Afghan female swimmer aiming high
Helena Saboori (Photo from Sayed Ihsan Taheri)
TMP – 19/04/2017
A young Afghan woman is dreaming of becoming the country’s first ever female Olympic swimmer and has set her sights on competing in 2020 Olympic Games in Tokyo. Elena Saboori, 25 , is a swimming coach and also the head of the recently created Women’s Swimming Committee.
“At first I was really afraid of drowning, but that’s when I thought I’d become a coach, because girls do not know how to swim here,” Elena explains.
She taught herself to swim by downloading instruction videos from the Internet and practicing in the pool in Kabul.
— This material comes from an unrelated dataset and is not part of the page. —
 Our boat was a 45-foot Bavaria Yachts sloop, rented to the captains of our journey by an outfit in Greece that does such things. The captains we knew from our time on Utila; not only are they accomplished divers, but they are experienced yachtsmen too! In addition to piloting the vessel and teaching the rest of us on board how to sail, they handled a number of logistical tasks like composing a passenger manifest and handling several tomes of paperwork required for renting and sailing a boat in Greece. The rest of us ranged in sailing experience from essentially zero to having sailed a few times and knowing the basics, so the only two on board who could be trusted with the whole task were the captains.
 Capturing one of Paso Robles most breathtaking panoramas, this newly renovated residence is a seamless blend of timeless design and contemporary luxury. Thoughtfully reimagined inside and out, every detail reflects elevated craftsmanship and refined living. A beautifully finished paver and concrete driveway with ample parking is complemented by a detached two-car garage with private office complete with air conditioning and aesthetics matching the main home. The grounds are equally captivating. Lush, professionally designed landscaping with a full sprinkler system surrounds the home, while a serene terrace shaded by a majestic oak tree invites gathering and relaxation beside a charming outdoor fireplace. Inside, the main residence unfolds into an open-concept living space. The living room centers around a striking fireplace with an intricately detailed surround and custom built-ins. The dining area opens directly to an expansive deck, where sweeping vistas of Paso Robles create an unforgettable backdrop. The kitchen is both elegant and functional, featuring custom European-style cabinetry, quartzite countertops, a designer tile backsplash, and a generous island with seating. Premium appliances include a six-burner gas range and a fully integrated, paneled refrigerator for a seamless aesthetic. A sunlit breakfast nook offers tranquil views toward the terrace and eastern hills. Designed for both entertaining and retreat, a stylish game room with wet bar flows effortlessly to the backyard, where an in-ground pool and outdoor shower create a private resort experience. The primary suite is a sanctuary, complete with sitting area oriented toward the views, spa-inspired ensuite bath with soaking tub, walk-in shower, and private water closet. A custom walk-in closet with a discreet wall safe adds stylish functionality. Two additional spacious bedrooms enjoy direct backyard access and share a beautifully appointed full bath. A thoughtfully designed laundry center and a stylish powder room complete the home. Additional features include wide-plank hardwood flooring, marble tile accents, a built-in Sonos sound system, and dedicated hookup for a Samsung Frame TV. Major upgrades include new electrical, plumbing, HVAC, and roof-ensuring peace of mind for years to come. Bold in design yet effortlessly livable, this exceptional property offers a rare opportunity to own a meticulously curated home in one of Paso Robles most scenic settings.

Drowning isn’t the only challenge Elena faces in pursuit of her dream. She has received violent threats and has been advised by opposers to stay away from the pool where she currently trains.
“We have several types of threats, but I feel that it [the security situation] is a bit better and I’m not as afraid as before. But I know that I have broken a taboo. I took a big risk by launching this team,” she explains in an interview.
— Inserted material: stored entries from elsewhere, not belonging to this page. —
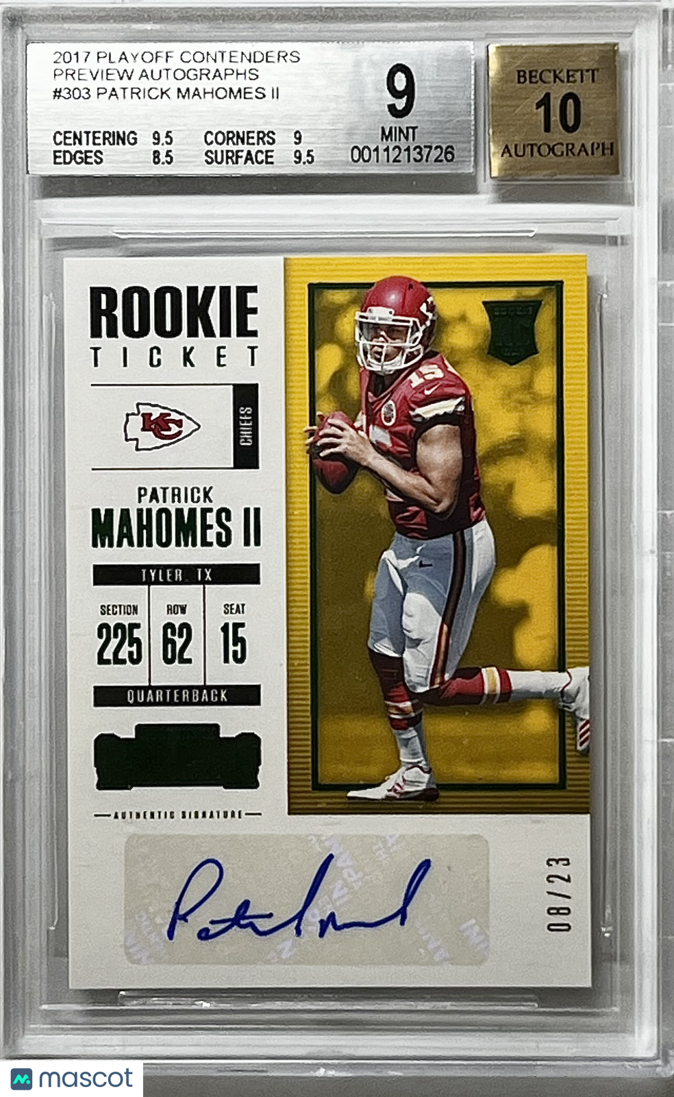 You are purchasing a 2017 Playoff Contenders Preview Autographs Patrick Mahomes II #303 BGS 9 Auto 10 08/23. You will receive the exact item in the photographs. Thank you for looking. Listed With Mascot.Returns & Exchanges
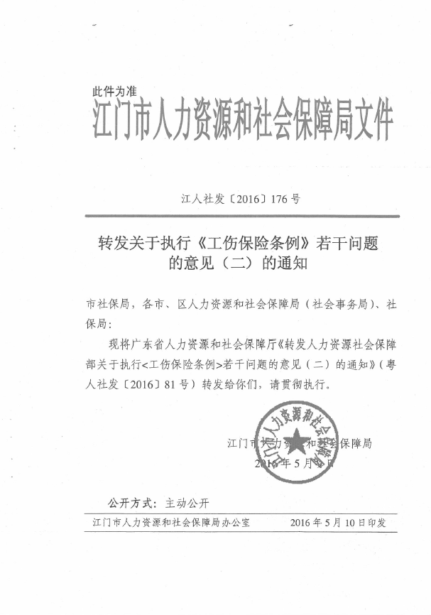 轉發關于執行《工傷保險條例》若干問題的意見(二)的通知
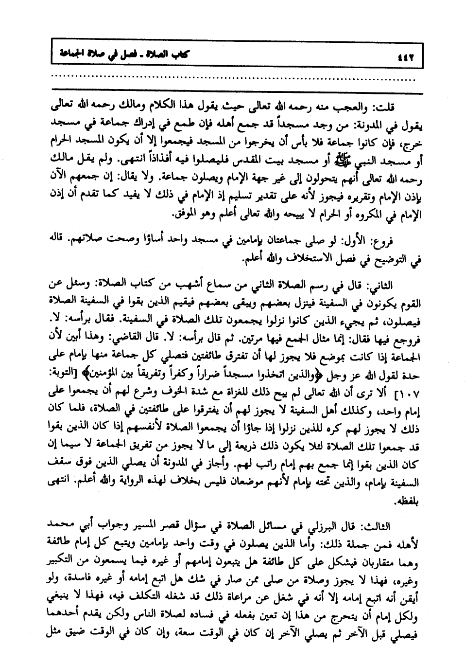 الثاني : قال في رسم الصلاة الثاني من سماع أشهب من كتاب الصلاة وسئل عن القوم يكونون في السفينة فينزل بعضهم ويبقى بعضهم فيقيم الذين بقوا في السفينة الصلاة فيصلون, ثم يجيء الذين كانوا نزلوا يجمعون تلك الصلاة في السفينة فقال برأسه لا, فروجع فيها فقال: إنما مثال الجمع فيها مرتين, ثم قال برأسه لا, قال القاضي, وهذا أبين ; لأن الجماعة إذا كانت بموضع فلا يجوز لها أن تفترق في طائفتين فتصلي كل جماعة منها بإمام على حدة لقول الله عز وجل: {وَالَّذِينَ اتَّخَذُوا مَسْجِداً ضِرَاراً وَكُفْراً وَتَفْرِيقاً بَيْنَ الْمُؤْمِنِينَ} (التوبة: من الآية107) ألا ترى أن الله تعالى لم يبح ذلك للغزاة مع شدة الخوف وشرع لهم أن يجمعوا على إمام واحد, وكذلك أهل السفينة لا يجوز لهم أن يفترقوا على طائفتين في الصلاة فلما كان ذلك لا يجوز لهم كره للذين نزلوا إذا جاءوا أن يجمعوا الصلاة لأنفسهم إذا كان الذين بقوا قد جمعوا تلك الصلاة لئلا يكون ذلك ذريعة إلى ما لا يجوز من تفرق الجماعة لا سيما إن كان الذين بقوا إنما جمع بهم إمام راتب لهم وأجاز في المدونة أن يصلي الذين فوق سقف السفينة بإمام والذين تحته بإمام ; لأنهما موضعان فليس بخلاف لهذه الرواية والله أعلم انتهى بلفظه.
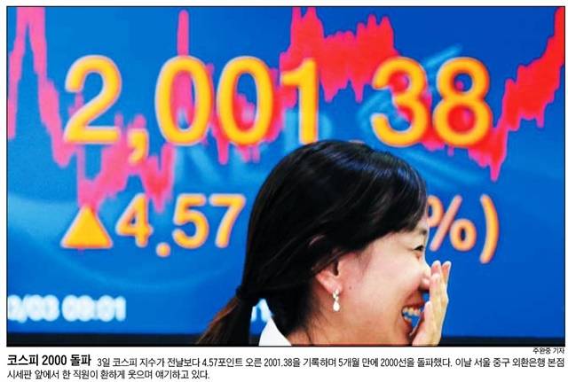 조선일보는 5개월만에 코스피가 2000선을 돌파했다며 서울 중구 외환은행 본점 시세판 앞에서 한 직원이 환하게 웃는 모습을 전했다. 또 한겨레는 ‘3월의 눈 시샘속 개구리 봄노래’라는 제목의 1면 사진에서 눈이 쌓인 길과 계곡의 개구리 사진을 나란히 실었다.
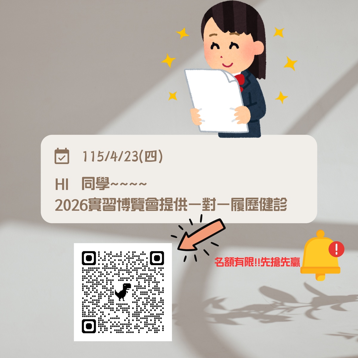 - 當天一對一履歷健診諮詢(https://forms.gle/gtkZE3DV1RHAr67AA),歡迎同學報名!
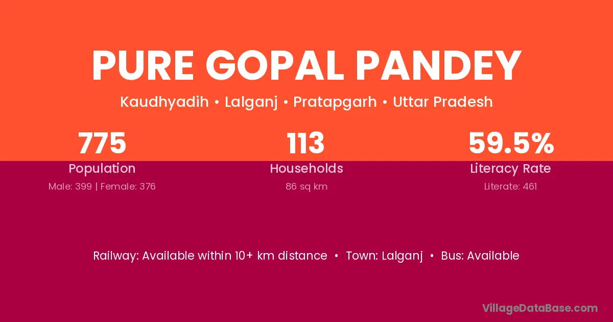 Pure Gopal Pandey village has a total population of 775 people, of which 399 are males and 376 are females.
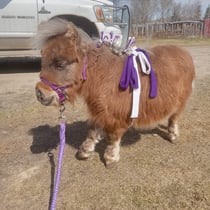 Amanda B.(Banana) took a great interest in this very tiny foal and her well being. Last fall we put CC in the trailer with her aunt as a companion. By last December I decided we need to try “something” to straighten the collapsing right hind fetlock. Consultation with Dr. Ed yielded a plan to place a “pony shoe” (the biggest metal flat washer I could find at an equipment dealership in Meadow Lake) under the hoof to prevent the ankle from twisting off to the side.
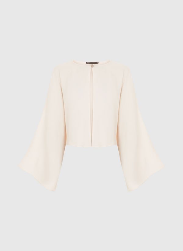 A Capa é confeccionada em crepe moss, possui decote redondo, mangas longas amplas, fechamento superior com botão decorativo e acabamento pespontado.
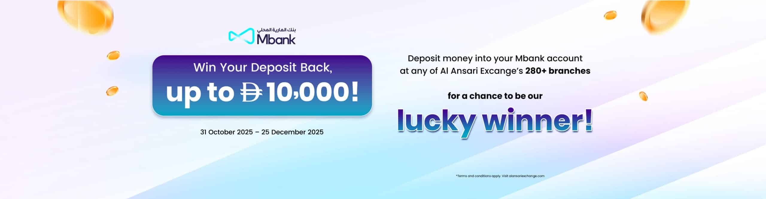 Make your next deposit to your Al Maryah Community Bank account even more rewarding. Deposit through any Al Ansari Exchange branch and get a chance to win up to AED 10,000 on your deposit amount.
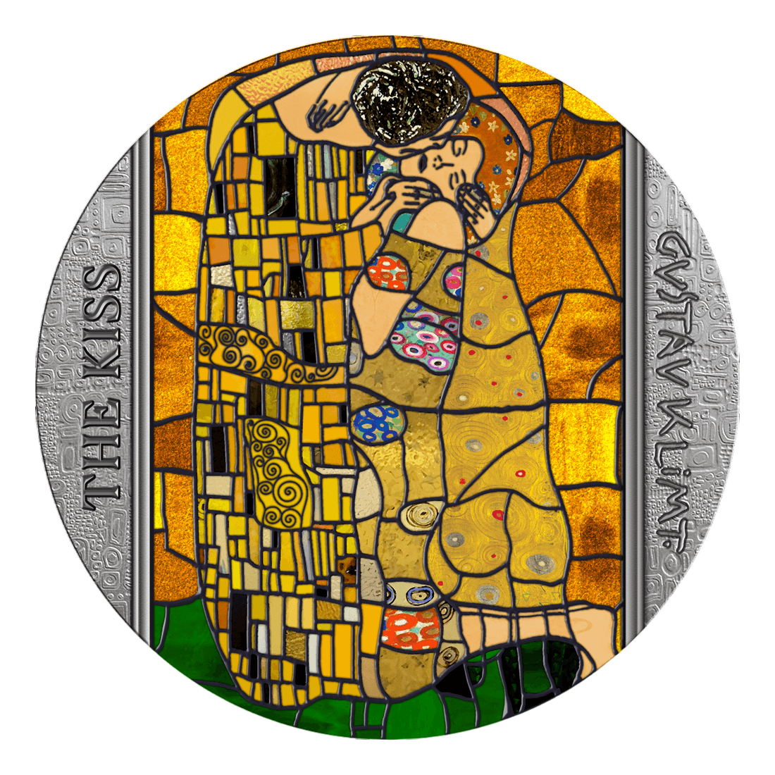 Centralnym punktem monety jest scena ukazująca dwoje kochanków w czułym uścisku – jeden z najbardziej rozpoznawalnych motywów secesyjnego malarstwa Klimta. Detale zostały wydobyte za pomocą wysokiego reliefu, co w połączeniu z kolorowym nadrukiem daje wrażenie głębi i faktury. Tło przypomina klasyczny witraż, który symbolizuje światło, duchowość i nieprzemijającą wartość sztuki. Dzięki temu moneta przyciąga nie tylko inwestorów, ale i miłośników sztuki z całego świata.
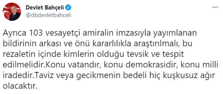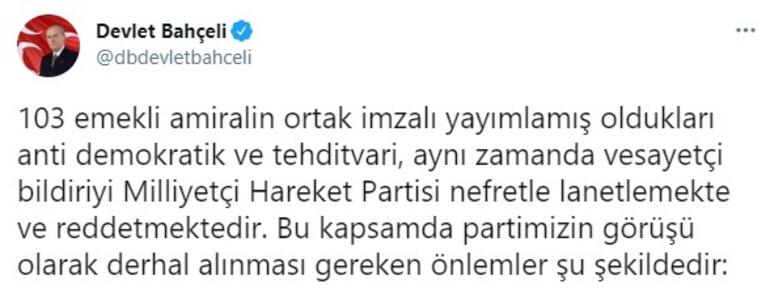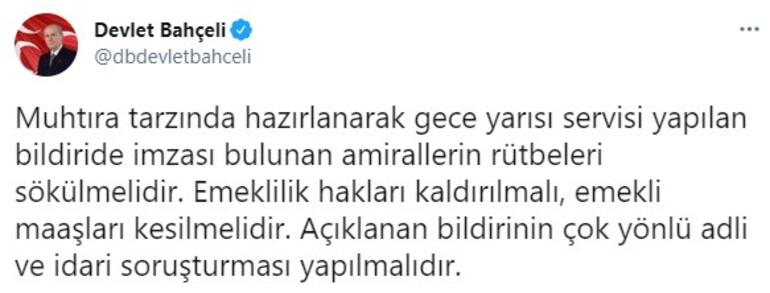 Bahçeli, emekli amirallerin açıklamasına ilişkin, Twitter'dan paylaşımda bulundu.

The president of the Afghan Federation of Swimming, Sayed Ihsan Taheri, says that women’s sports are misunderstood in Afghanistan, with even conservative countries such as Iran and Saudi Arabia having female swimming teams. “All Muslim countries except Afghanistan have a women’s team, even the strictest. They have training sites for girls, but here, there is some misunderstanding about women’s sport, that it is banned by Islam,” Taheri said.
Around 30 swimming pools operate across Kabul, but only one of them welcomes women. The lack of training pools is a major challenge for Elena and her team, as training gets underway so that she can try to represent Afghanistan in the Central Asian Championships in Turkmenistan at the end of April.